Hospitals boards should not have political agendas | Guest Column

By Robert deGavre

It is disheartening as an island resident to follow the campaign for the election for the hospital board.

Starting with the basics, in Washington state, the purpose of hospital districts and therefore presumably the hospital commissioners, as written in the RCW, is “…to operate hospitals and other health care facilities and to provide hospital services and other health care services for the residents of such districts and other persons.”

The election campaign doesn’t focus upon the core purpose of the board – namely the provision of medical services.  Few candidates even mention the foundational words underpinning the provision of health care services – quality care, affordable care, accessible care. Monica Harrington writes that “I put the rights of patients first.”

I may be naïve; but if I go to the hospital, I expect the medical personnel to give overwhelming priority to the provision of best available care, affordable care, and prompt care, and not as I lay in pain or dying to read to me first a statement of my rights.

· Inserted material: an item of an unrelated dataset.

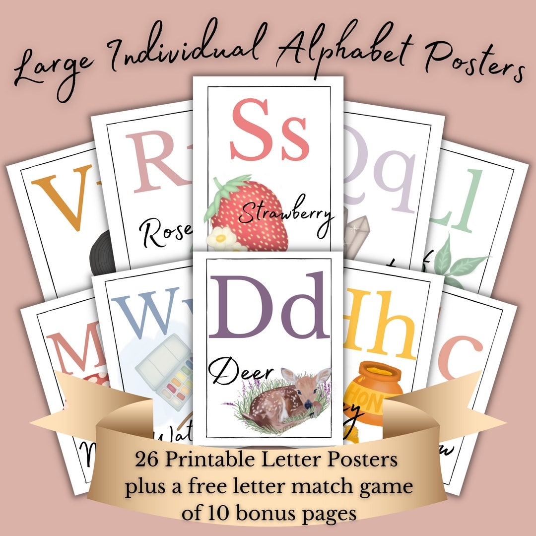 Each poster features a large, easy-to-read letter along with a corresponding image to help reinforce letter recognition. Hang them up in your child’s bedroom, playroom, or homeschool area for a fun and decorative way to encourage learning.
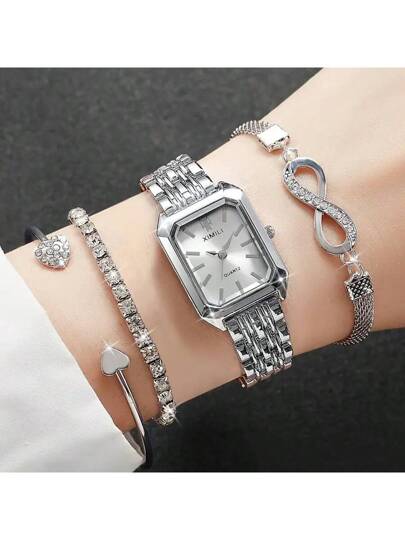 4 件套女士休闲商务简约风格石英表与手链组合,方形表盘手表套装 - 銀色 - 查看 1

The naïve voter could be forgiven by concluding that two candidates – Monica Harrington and Barbara Sharp – are running for the office of county attorney.  Barbara Sharp writes about “compliance with the law” and Monica Harrington writes about “compliance with Washington State law.” Both emphasize “transparency’” and leave the reader to wonder what that code word really means and how it applies to the provision of health care.  Is their objective to use the hospital board as a tax-payer funded forum for legal warfare and bigotry?

As I read the essence of their statements, Monica Harrington and Barbara Sharp are two-trick ponies – death with dignity and reproductive rights. The naïve voter could and should assume that if they are indeed concerned about women’s health, they would speak up about the real issues of women’s health.

In nearly 40 percent of counties of Washington State and in nearly half the counties in the United States women’s life expectancy is declining. These adverse trends are not because of reproductive rights, but because of increased rates of smoking, drinking and obesity, which in turn lead to increased rates of cancer, heart disease and diabetes, among other morphologies.

(Editor’s note: Research has shown a decline in life expectancy for women, but no conclusive evidence has been found as to why. Although an article in ‘The American Prospect”  states that snoking and unemployemnt are huge factors.)

It would be more reassuring if all the candidates were to focus upon the ugly, intractable issues in the provision of health care. Monica Harrington and Barbara Sharp are lost in the language of our dysfunctional political system and in political shibboleths such as patient rights, transparency, and reproductive rights.

I urge you to vote for those candidates whose only agenda is to improve the availability of quality, affordable, and accessible health care on our islands, and not to vote for those candidates who have a political agenda.